Depuis des mois, le premier ministre turc, Recep Tayyip Erdogan, demandait à l'OTAN de l'aider à protéger sa frontière, maintes fois malmenée par le régime syrien de Bachar al-Assad, qui mène un combat sans merci aux rebelles de l'Armée syrienne libre. Cette semaine, l'organisation de coopération militaire a acquiescé à la demande turque et promis de déployer des systèmes antimissiles Patriot. Les enjeux en trois questions et réponses.

Q La situation dégénère en Syrie depuis un an et demi. Pourquoi l'OTAN agit-elle maintenant?

R «La Turquie fait le calcul que la Syrie risque de continuer à harceler les réfugiés qui sont dans l'est du pays. Ce harcèlement va se faire avec des avions de chasse et des missiles qui entreront sur son territoire. Il est de l'intérêt de la Turquie de protéger sa population ainsi que les réfugiés», estime Jocelyn Coulon, directeur du Réseau francophone de recherche sur les opérations de paix de l'Université de Montréal. Selon David Welch, détenteur de la chaire en sécurité globale au Centre pour l'innovation dans la gouvernance internationale, l'OTAN a attendu un certain temps avant de venir à la rescousse de la Turquie afin de ne pas internationaliser le conflit. «Cependant, en tant qu'alliance, il était nécessaire de montrer que tous les membres sont derrière la Turquie», note-t-il.

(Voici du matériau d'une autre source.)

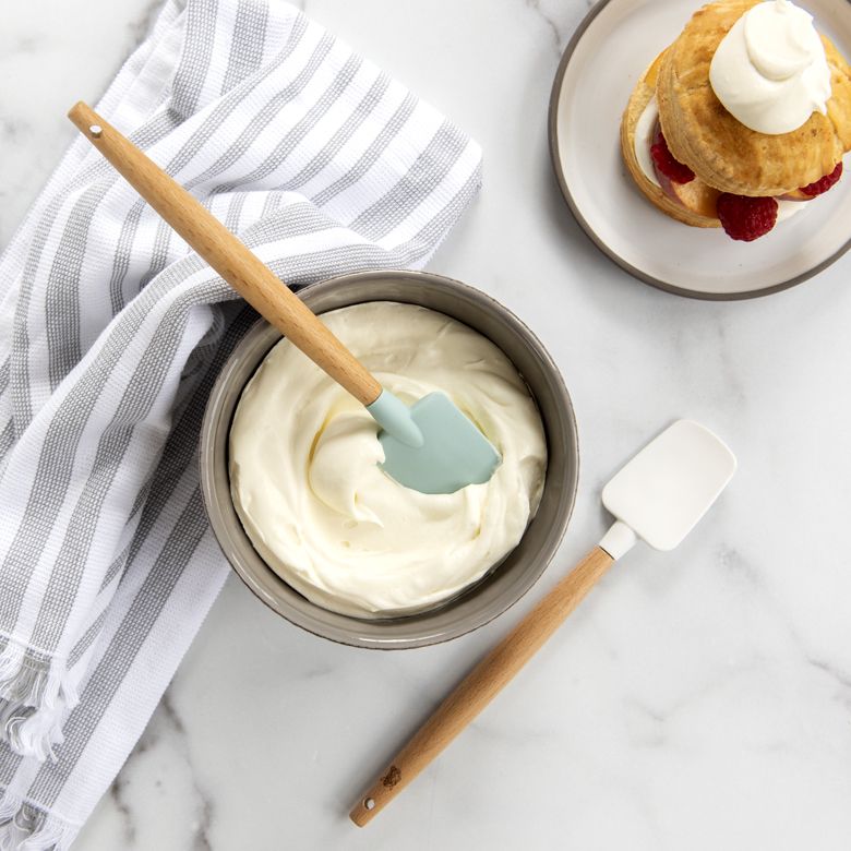 A spoonula and spatula in a size that's perfect for small batches. Silicone heads are dishwasher safe and solid beechwood handles detach for cleaning.

Q Quel sera le rôle des missiles Patriot?

R Selon l'énoncé de l'OTAN, les systèmes de défense antimissile seront déployés en Turquie par les États-Unis, l'Allemagne et les Pays-Bas pour des raisons défensives et auront pour objectif d'intercepter missiles et avions qui violeraient le territoire turc. De confection américaine, les Patriots ont surtout été utilisés pendant la première guerre du Golfe, avec une efficacité restreinte, rappelle M. Welch. «Depuis, ils ont été améliorés, notamment au chapitre des logiciels, mais nous n'avons pas encore vu leur efficacité.» À long terme, les Patriots pourraient être utilisés dans l'imposition d'une zone d'exclusion aérienne, mais cette mesure devrait alors être accompagnée de ressources militaires beaucoup plus importantes, ajoute Jocelyn Coulon.

Q La Turquie craint notamment que Bachar al-Assad utilise des armes chimiques. Jusqu'à quel point cette menace est réelle?

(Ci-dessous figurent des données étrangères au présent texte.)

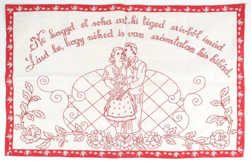 Hímzett fali terítő, "Ne hagy el soha azt, ki téged szívből imád - Lás... https://www.darabanth.com/hu/433-Gyorsarveres/433.0/Mutargy-papirregiseg-egyeb/Bolhapiac~500012/Himzett-fali-terito-Ne-hagy-el-soha-azt-ki-teged-szivbol-imad-Lasd-be-hogy-neked-is-v~II2792025

R «Nous ne connaissons pas le potentiel total du régime syrien. Nous savons qu'Assad possède des armes chimiques parce qu'il l'a dit», rappelle Jocelyn Coulon. Selon maints rapports, la Syrie serait en possession de sarin, de gaz de moutarde et d'autres substances toxiques s'attaquant au système nerveux. «Bachar al-Assad n'a jamais utilisé les armes chimiques et a dit qu'il ne les utiliserait pas contre sa population. Cependant, il dit qu'il est prêt à l'utiliser contre les «envahisseurs», qui se trouvent en Syrie ou, en d'autres termes, les rebelles. Ces derniers se trouvent dans les villes. Donc, si on fait des déductions, il n'est pas exclu qu'il utilise ces armes», explique M. Coulon. David Welch croit pour sa part qu'il est peu probable que ces armes soient utilisées contre la Turquie. Une telle agression entraînerait une intervention militaire internationale contre le régime baasiste, remarque l'expert.